MMP patients with exclusive oral or cutaneous involvement react to BP180 by IgG more than MMP patients with ocular involvement
In our cohort of MMP patients, 64/86 (74%) presented oral involvement alone or together with other cutaneous or mucosal sites. Out of 86 MMP patients, nearly half (n = 42, 49%) displayed an exclusive oral involvement and 13 (15%) showed only ocular lesions, and in 22 patients (26%), multiple mucosal sites were affected. Interestingly, almost one-third of MMP patients (28/86) showed both cutaneous and mucosal involvement. The frequency of IgG reactivity to BP180-NC16A and ECD-BP180 was higher in the oral than in the ocular variant (p = 0.0863 and p = 0.0245, respectively) (Table 3). Similar results were obtained for 28 MMP patients with concurrent cutaneous and mucosal involvement affecting oral or ocular or multiple sites in comparison with the exclusively ocular variant (BP180-NC16A: p = 0.2283 and ECD-BP180: p = 0.0377, respectively) (Table 3). Of note, MMP patients with both oral and cutaneous involvement showed the highest reactivity to BP180-NC16A and ECD-BP180 (60% and 80%, respectively) (Supplementary Table S1).

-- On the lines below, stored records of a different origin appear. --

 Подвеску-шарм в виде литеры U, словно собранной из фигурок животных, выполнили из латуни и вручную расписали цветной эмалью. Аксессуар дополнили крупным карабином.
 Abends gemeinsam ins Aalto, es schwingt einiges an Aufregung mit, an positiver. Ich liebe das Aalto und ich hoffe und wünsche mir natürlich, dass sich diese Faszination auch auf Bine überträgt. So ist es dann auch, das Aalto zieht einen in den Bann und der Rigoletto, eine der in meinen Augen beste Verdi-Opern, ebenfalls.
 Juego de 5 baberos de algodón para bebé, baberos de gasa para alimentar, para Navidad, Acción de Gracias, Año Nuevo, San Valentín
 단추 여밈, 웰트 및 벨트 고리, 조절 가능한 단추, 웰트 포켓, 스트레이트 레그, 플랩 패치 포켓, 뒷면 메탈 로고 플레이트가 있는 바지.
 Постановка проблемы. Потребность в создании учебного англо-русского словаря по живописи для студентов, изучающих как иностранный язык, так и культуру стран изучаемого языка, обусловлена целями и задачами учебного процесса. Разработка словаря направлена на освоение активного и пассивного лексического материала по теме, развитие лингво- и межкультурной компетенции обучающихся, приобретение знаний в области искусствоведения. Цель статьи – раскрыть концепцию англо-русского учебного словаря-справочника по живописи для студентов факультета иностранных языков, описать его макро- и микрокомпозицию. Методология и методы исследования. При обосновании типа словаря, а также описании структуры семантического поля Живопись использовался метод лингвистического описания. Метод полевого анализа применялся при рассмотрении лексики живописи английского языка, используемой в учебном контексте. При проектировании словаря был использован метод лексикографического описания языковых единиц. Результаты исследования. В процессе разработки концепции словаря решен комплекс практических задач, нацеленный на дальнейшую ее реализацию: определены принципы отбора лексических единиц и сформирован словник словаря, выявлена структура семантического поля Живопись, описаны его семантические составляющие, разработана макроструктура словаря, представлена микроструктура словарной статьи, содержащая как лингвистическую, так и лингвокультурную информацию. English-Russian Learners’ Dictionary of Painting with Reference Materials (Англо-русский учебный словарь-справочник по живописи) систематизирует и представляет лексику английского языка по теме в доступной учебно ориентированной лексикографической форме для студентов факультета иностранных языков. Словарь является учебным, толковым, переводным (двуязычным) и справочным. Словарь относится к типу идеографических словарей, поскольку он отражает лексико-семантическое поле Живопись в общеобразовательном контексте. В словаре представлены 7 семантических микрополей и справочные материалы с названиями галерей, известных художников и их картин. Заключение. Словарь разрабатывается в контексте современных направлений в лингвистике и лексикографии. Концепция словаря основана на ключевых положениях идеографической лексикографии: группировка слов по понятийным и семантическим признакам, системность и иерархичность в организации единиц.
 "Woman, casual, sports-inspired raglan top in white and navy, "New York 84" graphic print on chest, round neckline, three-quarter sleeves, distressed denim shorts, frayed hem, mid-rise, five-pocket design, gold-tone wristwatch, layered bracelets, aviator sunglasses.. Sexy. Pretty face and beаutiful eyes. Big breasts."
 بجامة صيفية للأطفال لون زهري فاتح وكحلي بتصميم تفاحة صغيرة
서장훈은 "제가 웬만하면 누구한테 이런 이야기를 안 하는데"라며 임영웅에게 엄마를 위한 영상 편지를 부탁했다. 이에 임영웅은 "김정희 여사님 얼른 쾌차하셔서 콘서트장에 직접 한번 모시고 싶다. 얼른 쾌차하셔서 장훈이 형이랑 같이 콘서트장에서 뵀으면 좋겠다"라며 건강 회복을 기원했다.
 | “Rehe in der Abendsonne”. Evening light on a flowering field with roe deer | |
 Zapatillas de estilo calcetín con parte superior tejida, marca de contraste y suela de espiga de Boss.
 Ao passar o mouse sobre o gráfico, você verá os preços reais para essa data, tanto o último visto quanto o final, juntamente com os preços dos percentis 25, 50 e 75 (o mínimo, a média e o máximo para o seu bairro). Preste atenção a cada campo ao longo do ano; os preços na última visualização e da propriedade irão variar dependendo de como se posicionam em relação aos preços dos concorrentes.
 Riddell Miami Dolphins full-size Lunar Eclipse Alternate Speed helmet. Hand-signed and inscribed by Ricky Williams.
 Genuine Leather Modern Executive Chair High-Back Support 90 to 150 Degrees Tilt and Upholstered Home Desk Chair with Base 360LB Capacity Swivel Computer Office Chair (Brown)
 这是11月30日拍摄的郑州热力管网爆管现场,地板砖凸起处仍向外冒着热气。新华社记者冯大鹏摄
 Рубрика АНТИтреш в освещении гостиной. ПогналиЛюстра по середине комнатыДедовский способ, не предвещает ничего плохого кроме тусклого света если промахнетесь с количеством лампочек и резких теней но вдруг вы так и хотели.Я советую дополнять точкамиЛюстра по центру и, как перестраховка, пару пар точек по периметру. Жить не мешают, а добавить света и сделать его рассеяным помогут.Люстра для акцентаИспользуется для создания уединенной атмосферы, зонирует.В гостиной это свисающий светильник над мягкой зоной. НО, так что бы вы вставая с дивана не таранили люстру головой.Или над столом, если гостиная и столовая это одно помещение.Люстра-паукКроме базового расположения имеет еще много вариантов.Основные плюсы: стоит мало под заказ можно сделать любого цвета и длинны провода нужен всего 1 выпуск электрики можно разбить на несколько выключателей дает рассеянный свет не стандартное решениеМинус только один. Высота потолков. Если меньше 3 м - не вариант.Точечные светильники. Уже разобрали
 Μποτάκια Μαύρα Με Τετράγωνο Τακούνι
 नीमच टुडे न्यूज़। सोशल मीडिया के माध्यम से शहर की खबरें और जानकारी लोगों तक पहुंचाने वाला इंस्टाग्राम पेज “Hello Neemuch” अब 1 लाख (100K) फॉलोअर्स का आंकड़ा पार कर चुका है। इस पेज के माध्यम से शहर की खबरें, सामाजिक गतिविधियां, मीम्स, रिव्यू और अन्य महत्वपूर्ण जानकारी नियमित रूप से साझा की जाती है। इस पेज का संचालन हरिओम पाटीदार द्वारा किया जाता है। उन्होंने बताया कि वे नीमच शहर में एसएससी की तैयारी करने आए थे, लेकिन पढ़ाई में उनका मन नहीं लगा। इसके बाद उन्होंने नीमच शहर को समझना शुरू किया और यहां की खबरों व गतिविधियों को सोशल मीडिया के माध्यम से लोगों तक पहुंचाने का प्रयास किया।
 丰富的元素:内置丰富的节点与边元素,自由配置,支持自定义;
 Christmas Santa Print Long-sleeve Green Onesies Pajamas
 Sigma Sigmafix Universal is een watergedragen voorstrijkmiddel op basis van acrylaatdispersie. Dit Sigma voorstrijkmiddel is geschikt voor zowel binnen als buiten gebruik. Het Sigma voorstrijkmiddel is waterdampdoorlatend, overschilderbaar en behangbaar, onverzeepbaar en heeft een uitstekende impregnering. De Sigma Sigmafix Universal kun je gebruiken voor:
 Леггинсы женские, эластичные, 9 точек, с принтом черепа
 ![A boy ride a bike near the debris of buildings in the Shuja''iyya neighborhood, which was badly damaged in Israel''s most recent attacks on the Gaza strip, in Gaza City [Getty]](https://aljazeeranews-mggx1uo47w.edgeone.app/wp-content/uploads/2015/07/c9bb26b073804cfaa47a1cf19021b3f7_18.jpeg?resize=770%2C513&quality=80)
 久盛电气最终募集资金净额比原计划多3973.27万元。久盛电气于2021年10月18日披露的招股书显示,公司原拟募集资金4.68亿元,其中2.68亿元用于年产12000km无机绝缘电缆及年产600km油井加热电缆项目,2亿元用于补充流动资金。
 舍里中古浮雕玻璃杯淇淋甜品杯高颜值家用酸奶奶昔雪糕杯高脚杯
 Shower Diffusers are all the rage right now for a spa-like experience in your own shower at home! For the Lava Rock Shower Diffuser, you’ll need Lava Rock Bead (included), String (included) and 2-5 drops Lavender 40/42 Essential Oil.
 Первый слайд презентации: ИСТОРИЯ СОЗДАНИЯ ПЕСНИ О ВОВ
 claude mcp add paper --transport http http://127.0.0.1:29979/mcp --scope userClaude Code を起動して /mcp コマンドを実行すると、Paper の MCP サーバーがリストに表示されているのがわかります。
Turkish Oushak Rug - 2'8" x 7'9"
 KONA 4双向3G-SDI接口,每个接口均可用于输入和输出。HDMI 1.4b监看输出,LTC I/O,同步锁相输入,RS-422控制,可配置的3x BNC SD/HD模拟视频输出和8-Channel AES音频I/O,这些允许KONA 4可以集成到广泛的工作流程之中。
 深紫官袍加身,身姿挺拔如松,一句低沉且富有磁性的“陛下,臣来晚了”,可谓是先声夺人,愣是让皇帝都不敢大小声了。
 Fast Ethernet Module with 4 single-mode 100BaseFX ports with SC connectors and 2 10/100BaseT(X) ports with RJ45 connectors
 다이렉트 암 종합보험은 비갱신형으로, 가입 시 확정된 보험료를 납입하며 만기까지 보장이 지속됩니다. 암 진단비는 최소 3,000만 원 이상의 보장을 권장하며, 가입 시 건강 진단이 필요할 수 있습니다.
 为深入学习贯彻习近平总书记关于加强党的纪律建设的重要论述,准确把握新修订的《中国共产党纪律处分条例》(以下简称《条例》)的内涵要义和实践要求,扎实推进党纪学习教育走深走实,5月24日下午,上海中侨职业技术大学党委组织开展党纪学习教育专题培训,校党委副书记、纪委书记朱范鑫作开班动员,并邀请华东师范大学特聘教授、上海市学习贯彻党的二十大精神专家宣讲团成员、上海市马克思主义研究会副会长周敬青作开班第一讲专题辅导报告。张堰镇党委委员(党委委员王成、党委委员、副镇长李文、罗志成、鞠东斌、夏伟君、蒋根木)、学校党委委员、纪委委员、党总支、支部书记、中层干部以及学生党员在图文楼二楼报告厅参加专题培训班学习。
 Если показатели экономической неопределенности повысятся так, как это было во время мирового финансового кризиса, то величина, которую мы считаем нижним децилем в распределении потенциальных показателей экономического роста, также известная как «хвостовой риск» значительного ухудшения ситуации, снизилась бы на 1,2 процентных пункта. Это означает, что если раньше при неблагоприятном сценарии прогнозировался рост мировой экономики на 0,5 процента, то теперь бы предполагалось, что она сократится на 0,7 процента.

Pure ocular MMP patients mainly react to ECD-BP180 by IgA
We observed a prevalent IgA reactivity against ECD-BP180 regardless of the mucosal site involved (Table 3). Of note, one-third of ocular MMP (4/12) showed IgA positivity to ECD-BP180 by IB (Table 3). In addition, considering 17 MMP patients with ocular involvement (13 exclusively ocular and 4 with skin and ocular lesions), 5 (29%) reacted with ECD-BP180 by IgA, while 2 (12%) reacted with BP180-NC16A and/or BP230, and 10 (59%) were IgG and IgA negative to all antigens/epitopes tested (Table 3; Supplementary Table S1).
Discussion
The differential clinical diagnosis between BP and MMP was based on the time of appearance and the extension of cutaneous and/or mucosal lesions. However, in some patients with concomitant mucosal and cutaneous involvement, especially if the temporal appearance of mucosal lesions is difficult to recall and/or because of the evolution of cutaneous/mucosal involvement, it is more difficult to discern the most prevalent feature and the differential diagnosis can be challenging. In addition, the non-bullous forms of BP may complicate the diagnosis (27). Distinguishing between these pemphigoid forms can be crucial for defining a correct therapy and prognosis. In fact, the therapeutic approach may be different between BP and MMP; for example, although topical steroids are effective in BP, they may not work well in some types of MMP (28). Moreover, in selected cases of MMP, the prognosis could be more severe than BP, especially when mucosal involvement evolves towards ocular lesions that could result in reduced vision or even corneal perforation (24).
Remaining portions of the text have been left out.